If someone gets into my system and accesses information, will it damage my reputation?

This depends on what information you hold about your clients and how the hacker uses it, but if you look at it from your customers' point of view, you wouldn't be happy if an unauthorised third party accessed important information about you. This could damage your reputation, and reputation is crucial in business.

What information might a small business have that it needs to safeguard?

Personal details about clients, including names and addresses, buying records or habits and, perhaps most important of all, credit or debit card details. Such information would be valuable to unscrupulous individuals wishing to use it or sell it on to other parties. You will also hold personal information about your employees which you must protect.
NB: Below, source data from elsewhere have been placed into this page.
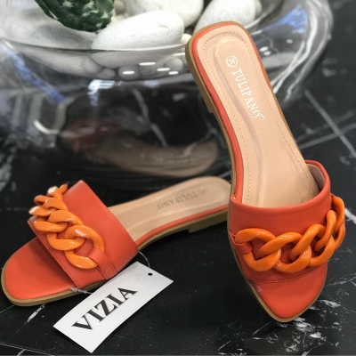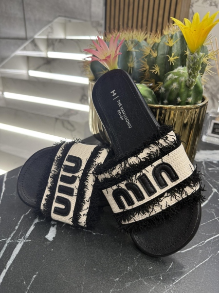 Чехли в черно и бяло с декорация. Горната част е текстил, стелката е еко кожа.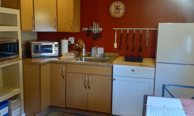 Cozy, well-furnished non-smoking apartment adjacent to private home with private entrance. Hulu Live which provides Movies & Cable TV shows 'on-demand' and includes access to local networks. Small kitchen, living area and 3/4 bath with tiled 36'' shower. Amenities include wireless internet, flat-screen TVs in sitting area and bedroom, breakfast table, refrigerator, microwave, toaster-oven, coffee pot, dishes, glassware, silverware, cooking utensils, queen bed, and closet. Body wash, shampoo, conditioner, hair dryer and iron provided. Washer & Dryer on site (not shared). All linens included. Private entry with security door. Keyless entry allows for late check in if desired. Check-in after 4:00 pm, check-out before 11:00 am unless previously arranged. Quiet, safe neighborhood and great for taking walks. Senior Center is within walking distance. Two miles from ASU, Mill Ave, Town Lake, and Light Rail. Located in quiet residential neighborhood, walking distance to Starbucks, city bus stop, churches, grocery, library, restaurants, and Walmart. 12 minutes from airport.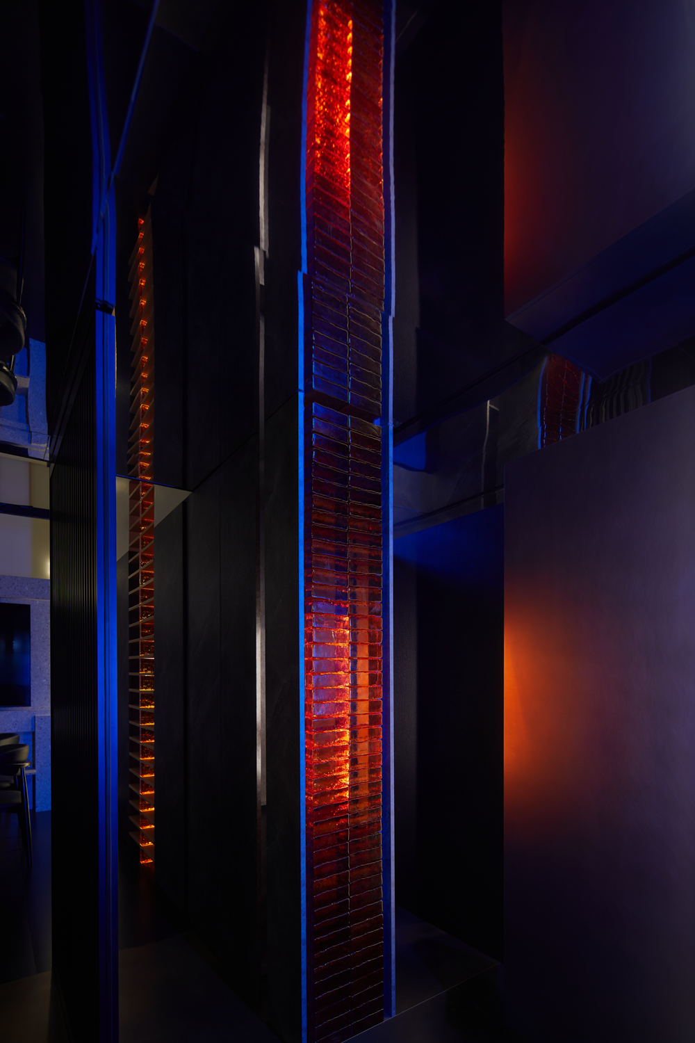 空间中“熔岩”概念灯光以木作经典的榫卯手法融合栅栏概念,应和空间主题,顶部蔚蓝色光带透过格栅与红色亚克力灯光形成强烈的对比,表达具有挑战精神的品牌形象,同时自然衔接起顶面与立面的空间关系。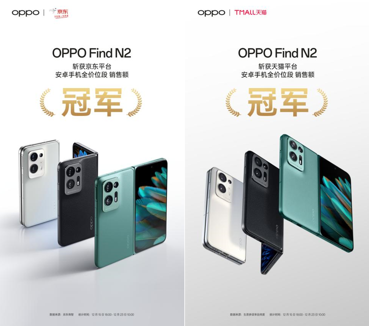 12月23日早10点,OPPO Find N2正式全渠道开售,12GB+256GB售价7999元,16GB+512GB售价8999元,此次开售共有云白、松绿、素黑(素皮)三种配色。作为OPPO最新款折叠屏旗舰,Find N2在屏幕、铰链、影像、系统等多维度进行了升级和优化,首销当日便斩获京东、天猫平台安卓手机全价位段销售额冠军。

Might an owner-manager also have information they want to hide from employees?

Quite possibly – perhaps information about wages or other personal details, which are most likely to be stored on a computer these days. Any information not operationally required by staff should be protected from unauthorised access. Using server security is ideal, or using an external storage device that can be locked in the safe. At the very least, important documents should be encrypted, which grants access only to those who know the password.

I've heard of a 'firewall', but what exactly is it?

A firewall sits between the web user and the big bad world and acts as a wall that prevents intruders from accessing your system. If you have a firewall on your computers and these sit behind a network firewall, any hackers would need to get past two firewalls before being able to explore your device.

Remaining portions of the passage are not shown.